◆ Task brief: Only the lines below, from the one with "Marksist Düşünce Sözlüğü" through the one with "تمامی پارامترها قابل خواندن و نوشتن هستند", are to be written out, exactly.
*** Supplied data Section Begins ***
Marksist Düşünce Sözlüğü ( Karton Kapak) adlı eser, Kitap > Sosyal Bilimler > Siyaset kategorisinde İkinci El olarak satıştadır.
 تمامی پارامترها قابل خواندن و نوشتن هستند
*** Supplied data Section Ends ***
*** Supplied data Section Begins ***
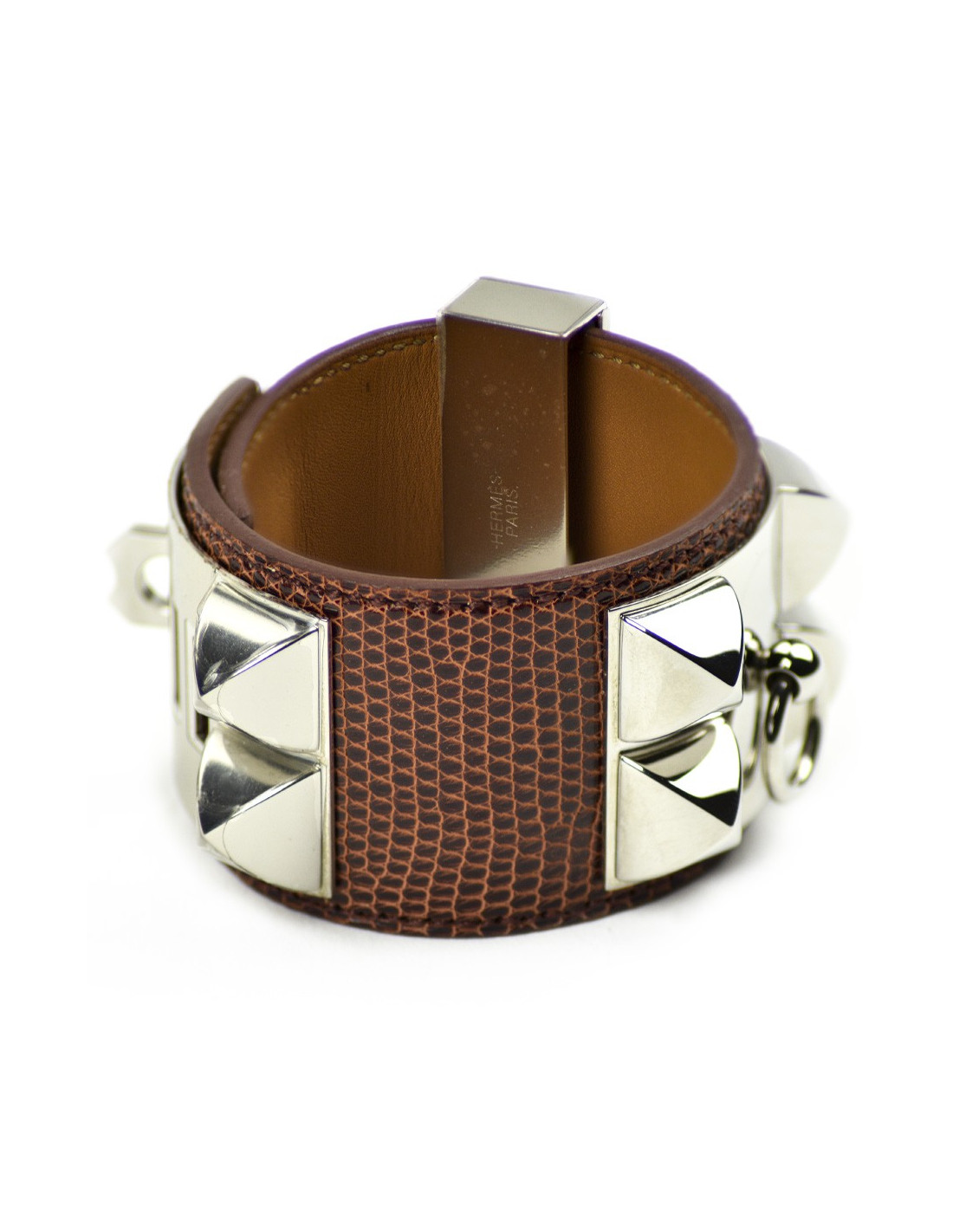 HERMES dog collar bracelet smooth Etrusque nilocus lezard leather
*** Supplied data Section Ends ***
◆ Answer to the exercise:
Marksist Düşünce Sözlüğü ( Karton Kapak) adlı eser, Kitap > Sosyal Bilimler > Siyaset kategorisinde İkinci El olarak satıştadır.
 تمامی پارامترها قابل خواندن و نوشتن هستند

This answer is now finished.